With the agitator having the first construction where the helical ribbon blade 12 and the paddle blades 13 are used as the agitator blade, the agitator blade having a complicated structure makes operations such as charging, discharging and transferring difficult, thereby involving a risk of trouble
Another disadvantage is that since no effective blade is provided in the bottom portion of the agitator vessel interior, the liquid flow in the bottom portion is extremely inactive. Further, an agitating operation cannot be started by charging a small amount of liquid. Still further, since the paddle blades 13 disposed radially inward of the helical ribbon blade 12 are provided in a plurality of stages, the circulating flow generated by each paddle blade 13 in one of the stages collides with another circulating flow at the intermediate surface between these stages, thereby forming a remaining portion. Such a remaining portion acts as a boundary which deteriorates the degree of inter-stage mixing. Further, when the liquid level changes, this causes a change in the relationship between the position of the liquid surface and the position at which the blades are mounted. Thus, a change in the liquid level leads to a difference in the mixing condition. Furthermore, a flow discharged by a paddle blade 13 in the radial direction of the vessel hinders a downward flow caused by the radially outward helical ribbon blade 12. As a result, the overall circulating flow inevitably becomes insufficient.

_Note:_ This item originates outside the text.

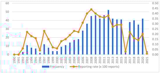 The 710 reports were mostly received from the year 2007 onwards (n = 554; 78%), with the year 2012 standing out (n = 52; 7.3%). However, the year with the highest notification rate was 2008 (Figure 2).

The agitator having the second construction where the agitator blade consisting of the flat-plate-shaped blade 6 and the grating-shaped blade 7 continuous therewith is used together with the baffle plates 14, does not entail the disadvantages of the first agitator, and the apparatus is advantageous in that the flow generating characteristics of the agitator blade enable a reduction in the mixing period, and that the applicable viscosity range is wide. However, the provision of the baffle plates 14 inevitably leads to problems such as those described above, that is, formation of a remaining portion on the back surface of the baffle plates when the liquid viscosity increases, occurrence of flow failure in a high viscosity region, and remaining, deposition and solidification of solid particles on the wall portion of the vessel interior when the slurry concentration increases.